Order 2+ RCPs: Preferences that, if realised, contribute to x-risks less directly than Order 1 preferences.

Examples

Conflict: Destroying a nation / winning a war – conducive to global conflict, which is conducive to extinction by global war

Society: winning elections / reducing crime – conducive to changing societal structure, which could be conducive to value lock-in

Growth: increasing profit – conducive to runaway growth of an organisation at the expense of other values, which could increase the chance of going out with a whimper.

Or any other preference that might make e.g. AI or biological x-risks more likely.


 

Neglected malevolent actor scenarios

While considering the characteristics of potential malevolent actors, some dangerous scenarios came to mind. These deserve attention but seem overlooked. 

Discussions about malevolent actors typically focus on either large nation-states that are pursuing global dominance or individuals possessing harmful psychological traits. To manage these threats, governance proposals include compute restrictions, cybersecurity measures, and personality assessments. 
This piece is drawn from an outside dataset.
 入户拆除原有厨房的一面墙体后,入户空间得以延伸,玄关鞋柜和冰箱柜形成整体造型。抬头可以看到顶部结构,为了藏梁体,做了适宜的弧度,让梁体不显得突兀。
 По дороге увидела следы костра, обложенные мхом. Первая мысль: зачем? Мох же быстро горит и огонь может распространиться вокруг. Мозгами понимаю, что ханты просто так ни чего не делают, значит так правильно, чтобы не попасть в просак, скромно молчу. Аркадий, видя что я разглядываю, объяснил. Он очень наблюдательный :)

But here are a few worrying scenarios not affected by those governance mechanisms, listed very roughly in order of likelihood (based solely on intuition):

  1. Open source distribution. With the goal of sharing the benefits of future AI technology across society, a group without any malevolent intentions could release open source models online, allowing malevolent actors to avoid conventional security measures.
  2. Altruistic leaks. An employee within a prominent AI lab, motivated by concerns over power concentration in corporate hands, might decide to leak a trained model online without any malicious intent. 
  3. Infiltration. A radicalized individual or an agent of a foreign state could infiltrate an AI lab, gain access to the model and share them with their associates.
  4. Radicalization. A staff member at a leading AI lab could become radicalized by certain philosophical ideas and choose to share the model with like-minded individuals, presenting again novel governance challenges.

Although more research is needed, we see at least two directions for developing governance proposals to address these challenges:

  1. Security clearances. Similar to the vetting of high-ranking government officials, national security agencies could implement comprehensive background checks within AI labs to mitigate risks related to infiltration and espionage.
  2. Thresholds for open sourcing. Investigating mechanisms to restrict the open sourcing of AI models that surpass a certain threshold of power could help prevent dangerous releases.
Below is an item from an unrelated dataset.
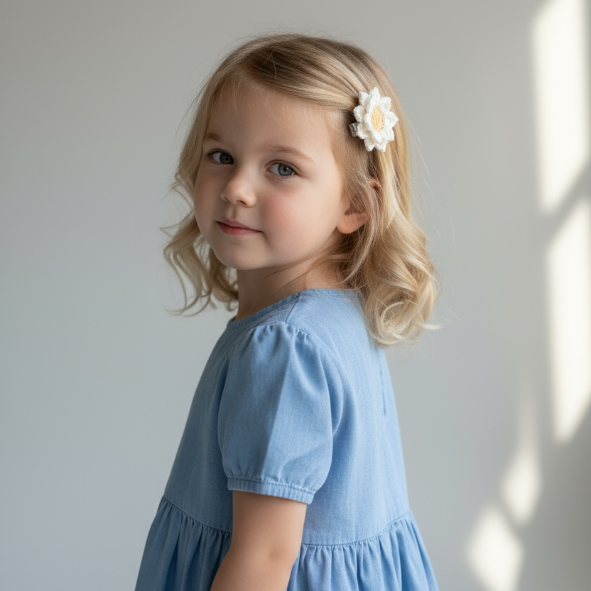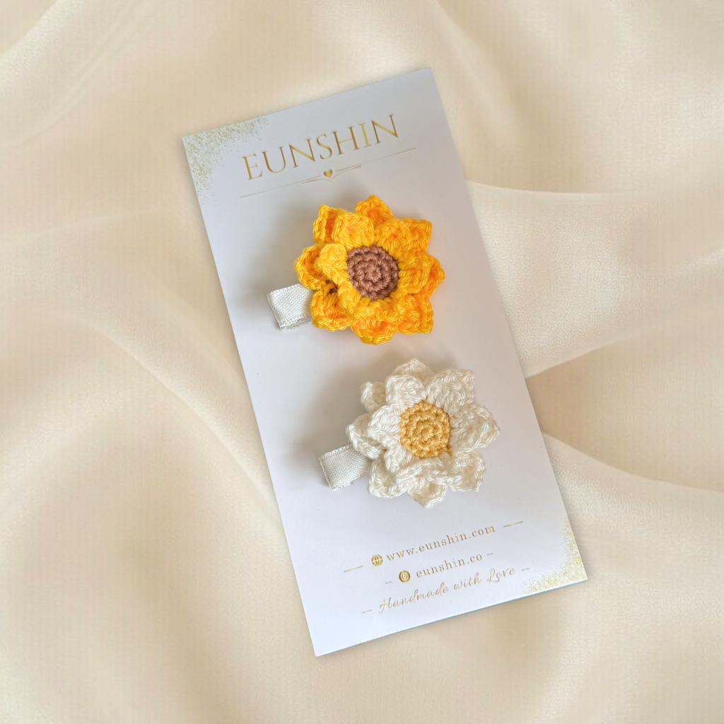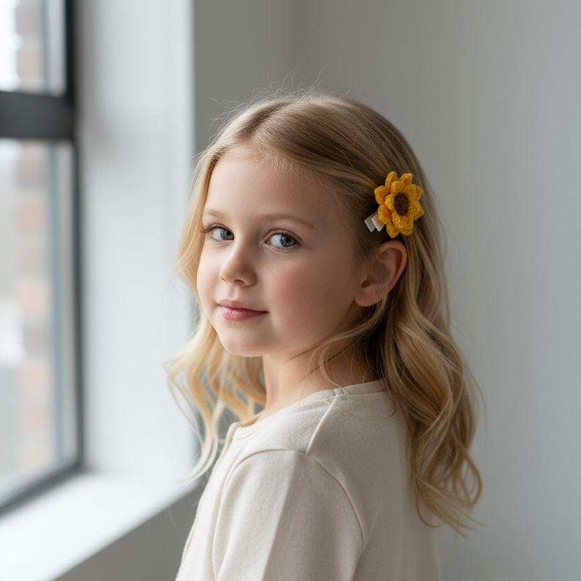 Papatya ve ayçiçek formunda tasarlanan el yapımı klips toka, çocukların stiline doğal ve neşeli bir dokunuş katar. Yumuşak örgü dokusu ve çiçek formu sayesinde zarif bir görünüm sunarken saçta konforlu kullanım sağlar.

At this stage of research, we are not offering probability estimates for the likelihood of each scenario. Nonetheless, these examples underscore the need for a more comprehensive approach to AGI governance that encompasses a broader range of potential threats. It seems important to further explore and assess these scenarios, and to offer governance solutions for both governments and AI research labs. 

Conclusion

This post has explored ways to evaluate the dangerousness of actors and their preferences, and highlighted some neglected scenarios featuring malevolent actors.
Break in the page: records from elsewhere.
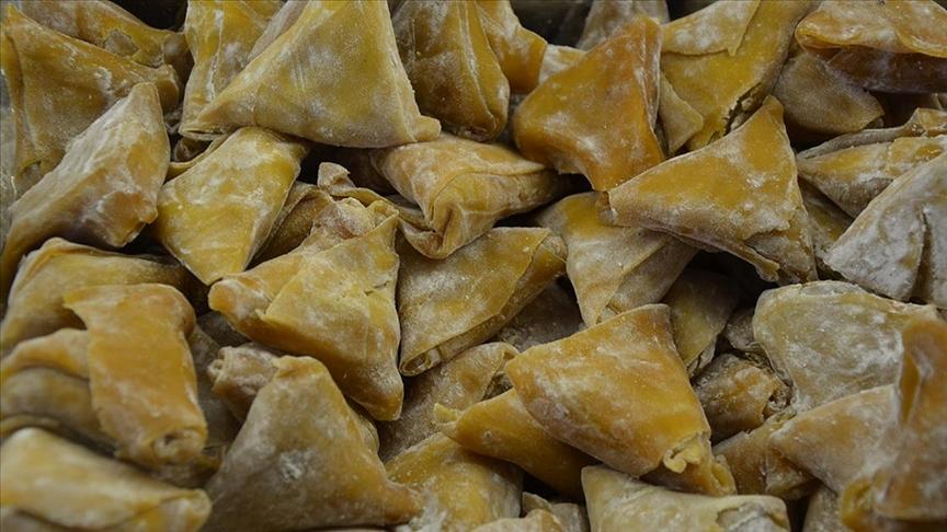 Maraş samsası is a confection produced by boiling a mixture of grape must, wheat starch, and wheat flour over wood fire, drying it into thin layers, cutting it into strips, placing crushed walnut inside, rolling it into triangular shapes, and storing it under pressure in a container for an extended period.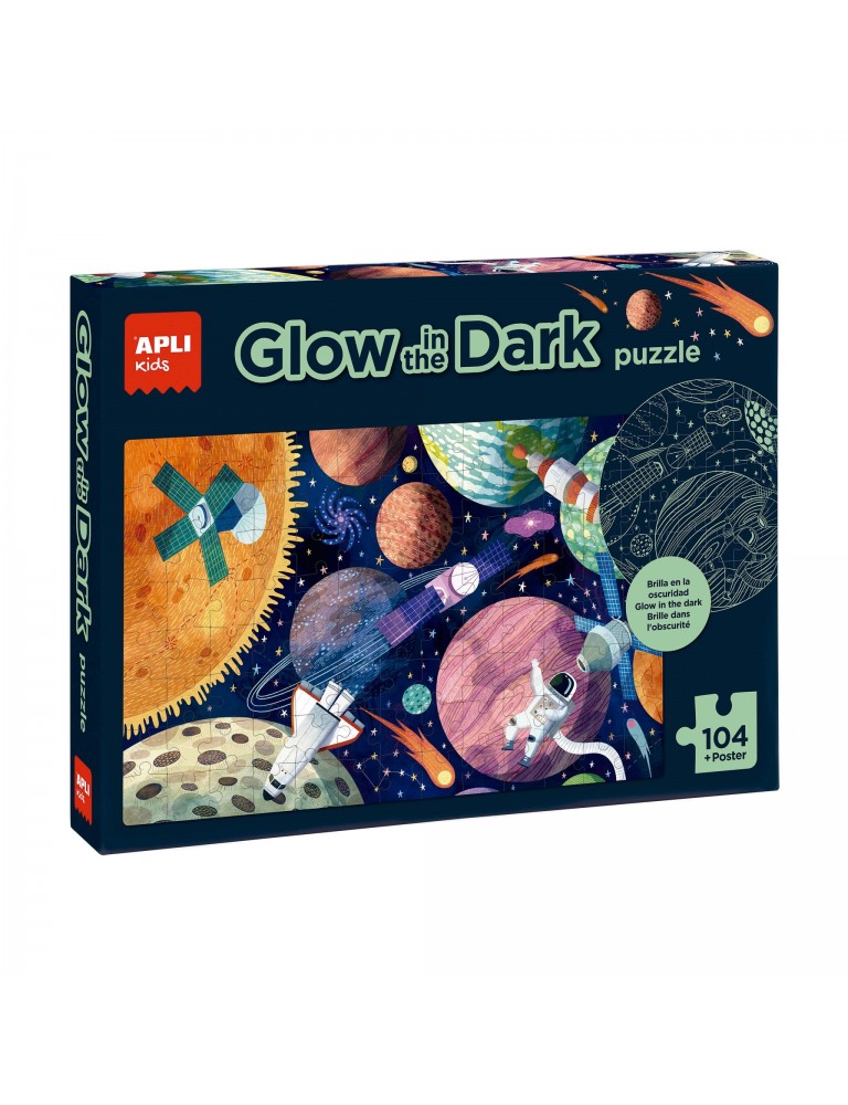 Kastes iekšpusē atradīsiet plakātu pašas puzles lielumā, kas atvieglos puzles salikšanu. Pēc puzles salikšanas apgaismojiet to ar spēcīgu gaismas avotu, un pēc dažām minūtēm jūs varēsiet redzēt planētas, zvaigznes un astronautu dzīvniekus, kas peld tumsā.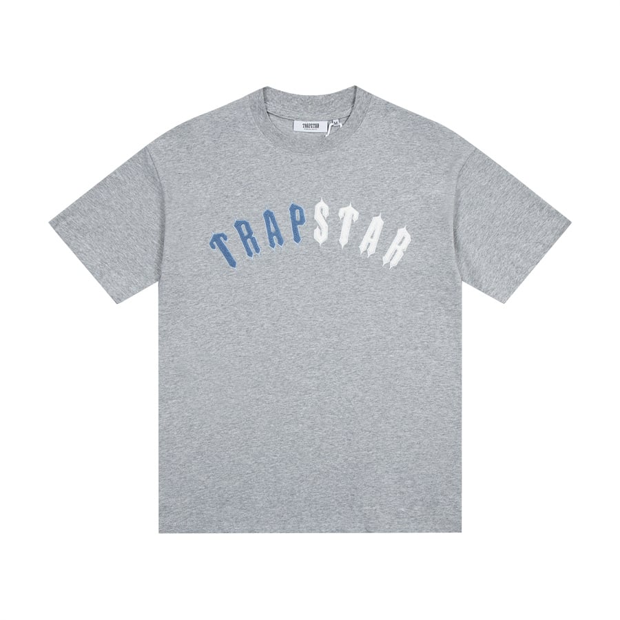 TRAPSTAR Embroidery Letter logo loose Round neck T-shirt Gray トラップスター 刺繍 モジ logo ゆったり クルーネック Tシャツ グレー

To assess and identify dangerousness more effectively, we unpacked the underlying factors contributing to the dangerousness of malevolent actors: the proximity of their preferences to wishing for catastrophic outcomes, their willingness to act on those preferences, and their resources. 

We introduced the concept of “risk-conducive preferences” to encompass a wider set of dangerous preferences highlighting that these preferences are placed along a continuum.

Finally, we provided scenarios that might currently be neglected by existing governance mechanisms.

The following figures (Figure 1 and Figure 2) show how our work fits together with governance proposals. 

Figure 1. Breakdown of actor preferences and plausible pathways to bad outcomes.


 

Figure 2. Possible governance mechanisms (dark blue background) to address pathways to bad outcomes outlined in Figure 1.

We encourage others to build upon this work. Here are a few avenues for future exploration:

  1. Researchers could put together a more extensive list of potentially dangerous actors, and evaluate their likelihood of acquiring and deploying AGI. This helps with knowing which governance mechanisms to implement. 
  2. A further breakdown of the underlying psychological conditions of malevolent actors might improve the framework for assessing “dangerousness”. Researchers with a background in psychology might want to dig deeper into the causes for factors such as “willingness to cause disruption” and explore potential targets for governance interventions, such as help for schizophrenic patients or addressing social isolation. This approach might interface well with the existing literature on radicalization.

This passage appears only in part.